Monday, April 26, 2010

Lincoln, Washington, and Monday


     As the United States prepared to mark its Bicentennial, most Americans were not in a particularly celebratory mood, their confidence having been shaken by the Vietnam War, the Watergate scandal, the energy crisis, and other recent reversals. Then, a strange thing happened to cheer everyone up.
     It was April 25, 1976, and the Cubs were playing the Dodgers in Los Angeles. A man and his son climbed out of the stands and onto the field. “One of them had an American flag tucked under his arm,” recalled Rick Monday, who was watching the pair from his vantage point as the Cubs’ center fielder. The two went to a spot in left-center field, about halfway between Monday and left fielder Jose Cardenal, where the older man spread the flag out on the grass and began to sprinkle lighter fluid over it.
     “The next thing I saw was the glint of the [lighter fluid] can,” said Monday. “I figured it wasn’t holy water. That’s when I took off. They couldn’t see me coming from behind but I could see one had lit a match. The wind blew it out, and just as they lit another and were about to touch it to the flag, I grabbed [the flag].”
     Monday scooped up Old Glory just before it would have been set afire.

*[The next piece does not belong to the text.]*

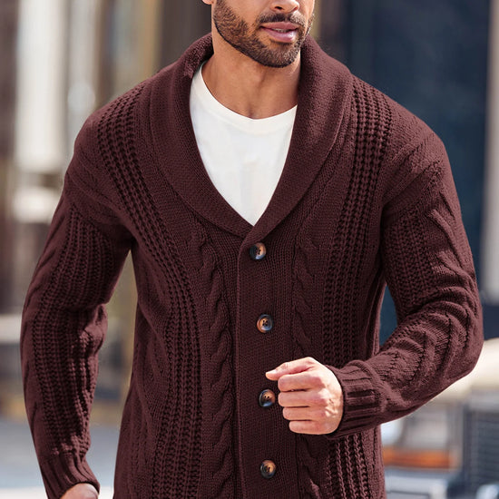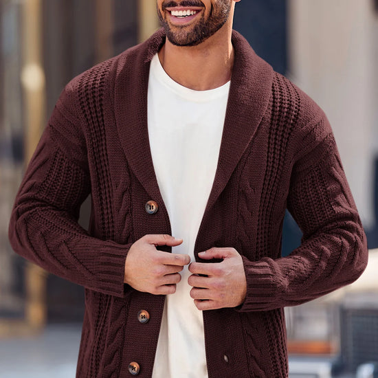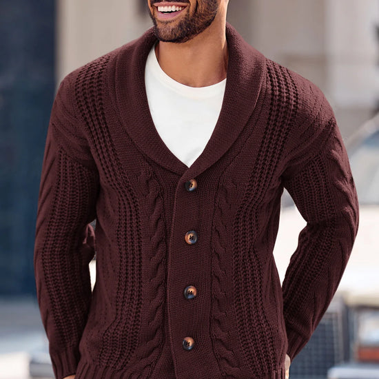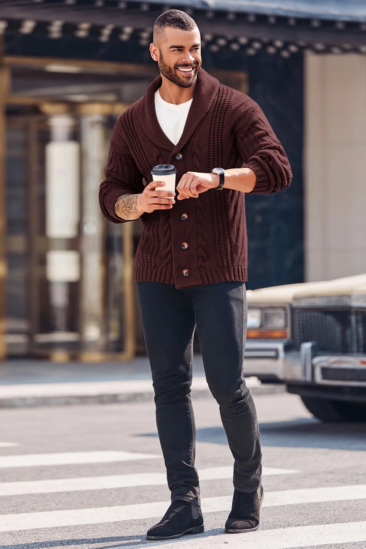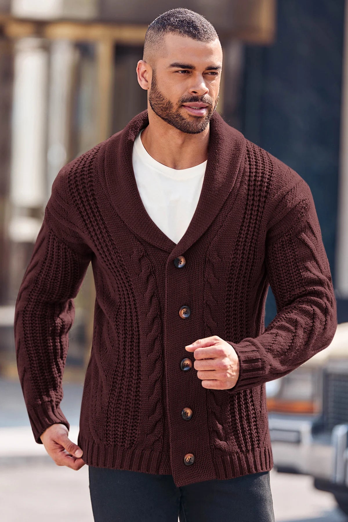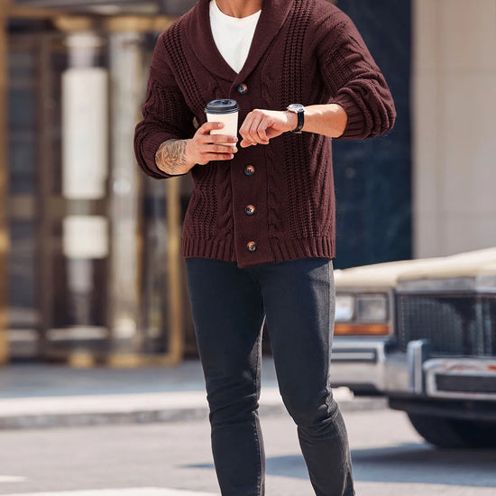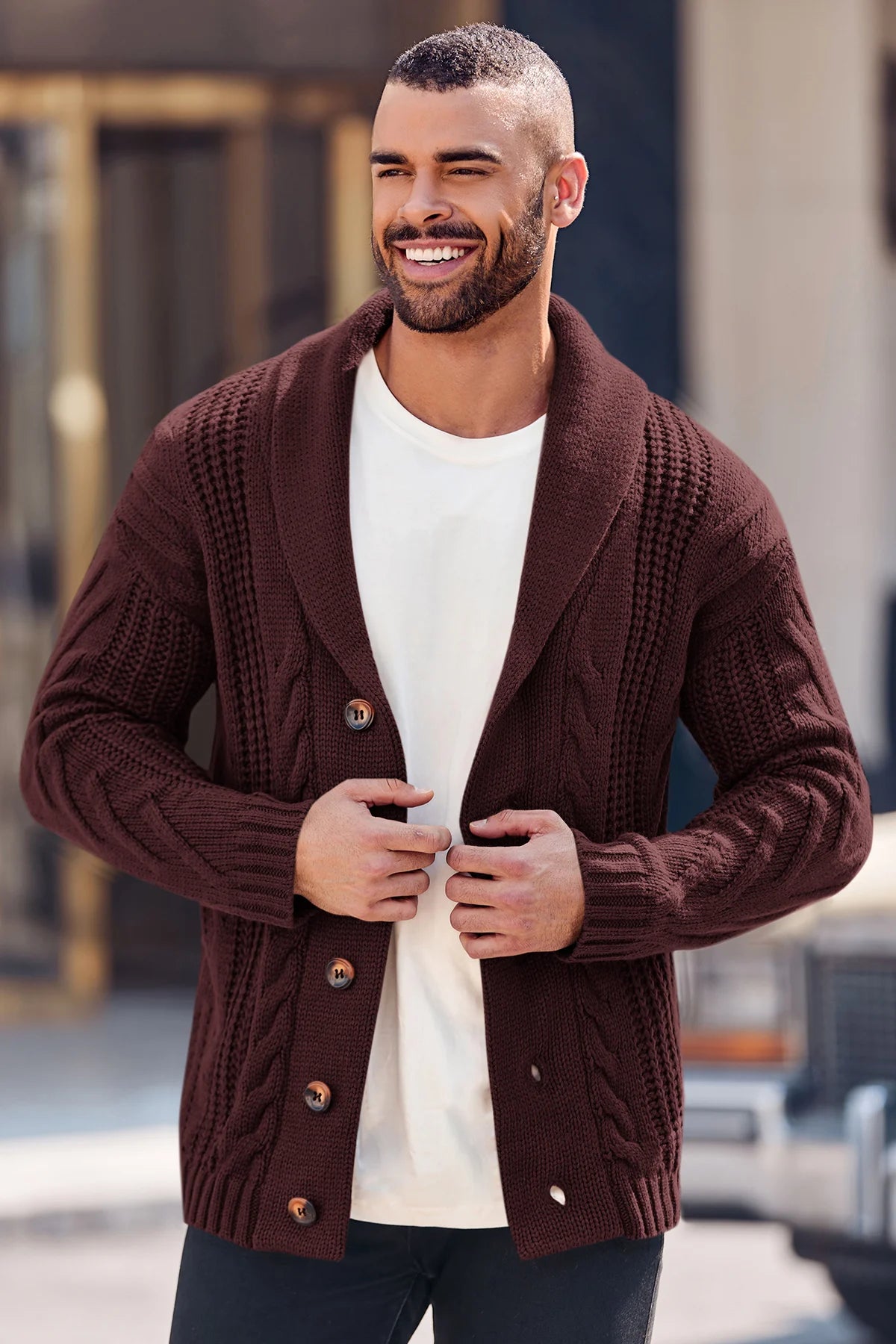 Check out our cozy cardigan made from 95% acrylic and 5% spandex! This high-quality knit is comfy and warm, designed with a button closure, shawl collar, and unique cable knit pattern. Perfect for any occasion—whether it’s a casual day out, Sunday brunch, or a party. It layers nicely over shirts and pairs well with jeans. Plus, it’s easy to care for: machine wash in a laundry bag or hand wash in cold water. Don't forget to check the size chart before you buy!
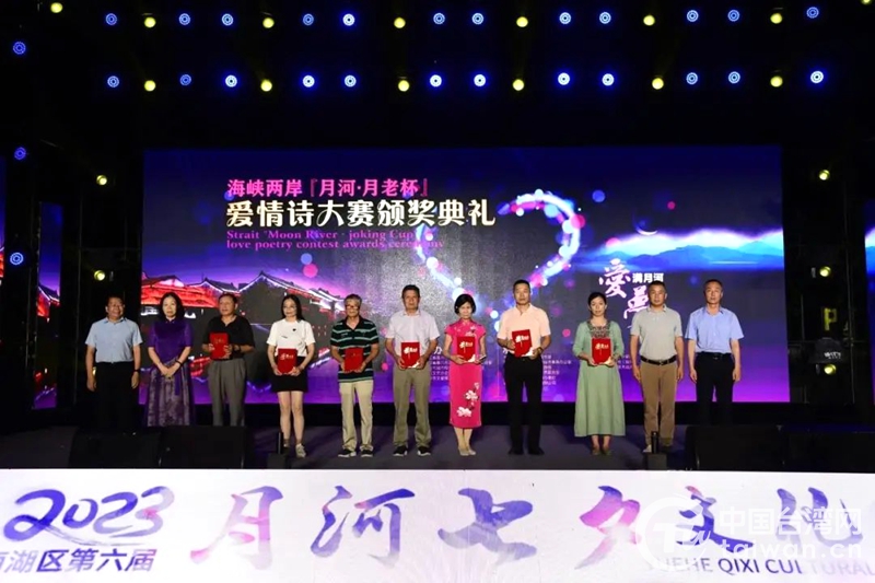 中国台湾网8月23日讯 近日,2023海峡两岸“月河·月老杯”爱情诗大赛在浙江嘉兴举办颁奖典礼。组委会邀请著名诗人和著名评论家,对入围的优秀作品进行隐名评比,共评出金奖1件,银奖5件,铜奖8件,优秀奖20件。

He sprinted to the left-field bullpen and handed the flag over to Los Angeles pitcher Doug Rau. As the fans in the ballpark realized what had happened, they rose to give Monday a standing ovation. The Dodger Stadium message board flashed, “RICK MONDAY, YOU MADE A GREAT PLAY.”
     The would-be flag burners were arrested and charged with trespassing. “If you're going to burn the flag,” Monday later said, “don't do it around me. I've been to too many veterans' hospitals and seen too many broken bodies of guys who tried to protect it.”
     In the following weeks, ceremonies honoring Monday were held in every city the Cubs visited. Jose Cardenal, who'd witnessed the attempting flag burning up close, understood why Monday's actions had struck a chord. He had left his homeland of Cuba at the age of 17 in 1960, a year after it became a Communist dictatorship, never to return. Cardenal loved his adopted country and wasn't embarrassed to admit it. “Now we have three great patriots,” he said. “Lincoln, Washington, and Monday.”